Importance of writing experience for future professors
“I kind of did Law Review because I thought I should,” Shaner remembers. But the experience sparked an interest in academia. As a 3L, she enjoyed helping 2Ls formulate the theses for their notes. Plus, she made lifelong friends, including Lens and other classmates who are now professors.
“It was, I won’t lie, sometimes tedious work,” Lens recalls about Law Review. “But I made good friends.”
Lens wrote her first academic paper as a 3L on Law Review, unknowingly laying the groundwork for future expertise. That paper was “Second Hand Choice: An Incompetent Pregnant Woman’s Constitutional Right to Choose Abortion.”
In 2017, Lens’ third pregnancy ended in stillbirth. “It changed everything,” she recalls. Before then, she mainly taught tort law. Although she had been interested in reproductive rights since law school, she’d never taught the subject.

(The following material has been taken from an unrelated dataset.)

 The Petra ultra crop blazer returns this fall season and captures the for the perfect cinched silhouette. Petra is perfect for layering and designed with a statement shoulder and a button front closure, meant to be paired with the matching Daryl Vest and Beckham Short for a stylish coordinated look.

After her son was stillborn, Lens began researching issues surrounding stillbirth, teaching and writing on the subject.
Two years ago, Iowa Law Review published an article by Lens about stillbirth and informed medical consent. “It was so sweet to me to be able to publish there,” Lens says. The article was dedicated to Caleb, her stillborn son.
Advice for Iowa Law students
“Have a close relationship with your professors and write as much as you can,” Cardi advises students who have their eyes on work in academia.

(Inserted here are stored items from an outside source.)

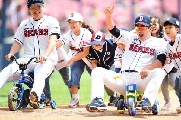 5일 잠실야구장에서 ‘2017 타이어뱅크 KBO 리그’ 두산베어스와 LG트윈스의 경기가 열린다. 경기를 앞두고 열린 어린이날 행사에서 두산 허경민과 류지혁(왼쪽)이 어린이 팬들과 즐거운 시간을 보내고 있다.
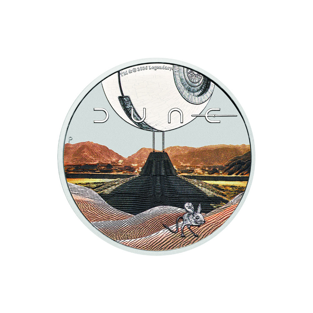 gestaltet von Sean Rogers, zeigt eine farbenfrohe Szene vom Planeten Arrakis. Im Hintergrund sind das monumentale Schiff des Imperators und das kaiserliche Zelt vor dem Hintergrund der weiten Wüste zu sehen. Im Vordergrund ist die Wüstenmaus Muad'Dib zu sehen, ein Symbol für die Anpassungsfähigkeit und geistige Stärke des Volkes der Fremen. Die Komposition umfasst auch das Dune-Logo und das Münzzeichen "P".
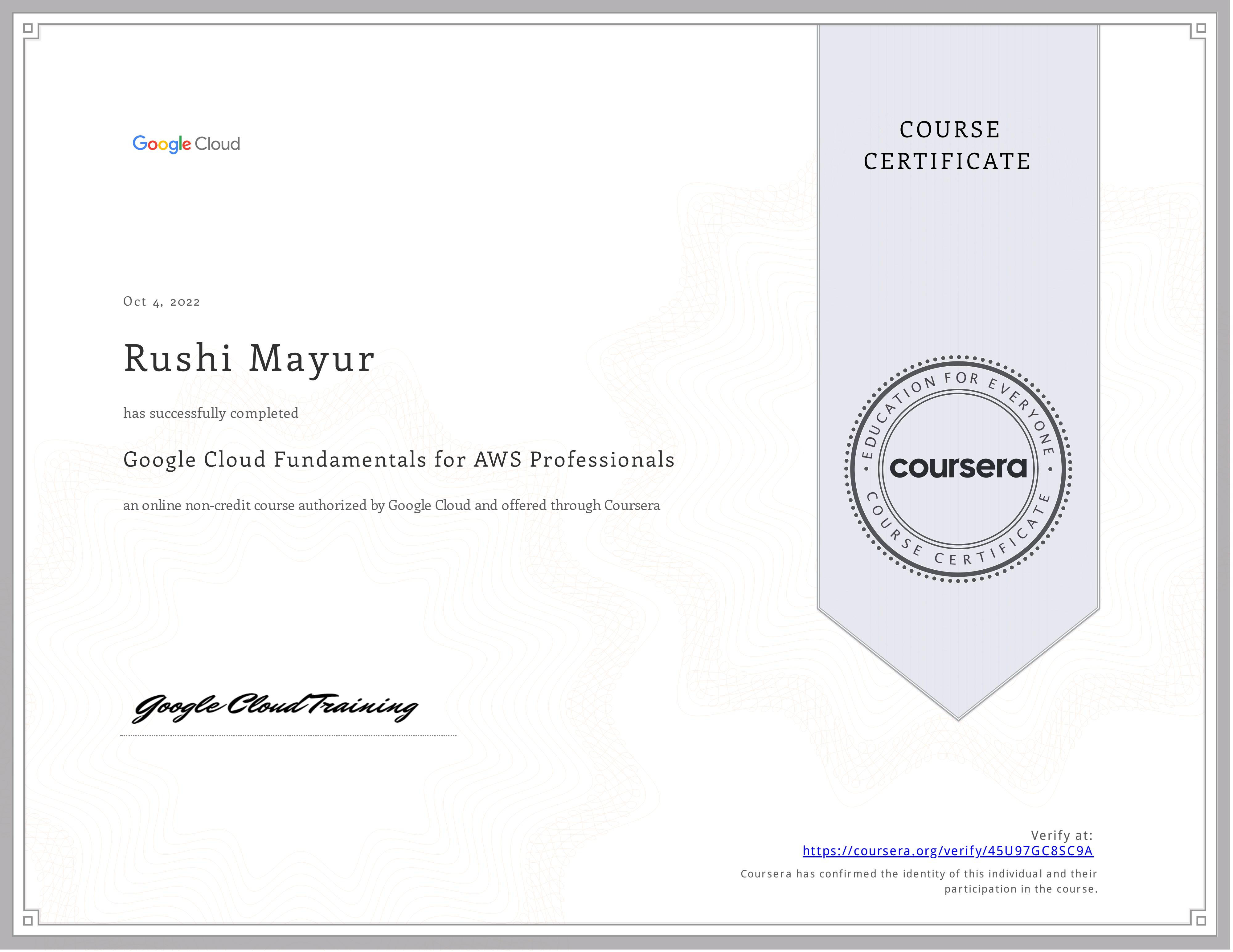 Google Cloud Fundamentals For AWS ProfessionalCoursera

“There are a few different paths you can take,” Abelkop notes. He says that earning a doctorate like he did is not necessary in order to teach law school, but it does help to formulate research questions. “Being a law professor is about answering bigger questions.”
“It’s a great place for legal education to prepare you for your place in the academy,” Lens says of Iowa Law. Just as she turned to Professor Pettys for advice, Lens encourages others to reach out to fellow alumni. “There are enough of us out there that are willing to help.”
Shaner advises aspiring professors to consider “What type of academic do you want to be? What type of scholar?,” rather than trying to shape a career like someone else’s. “Measure you success and happiness based on your own goals.”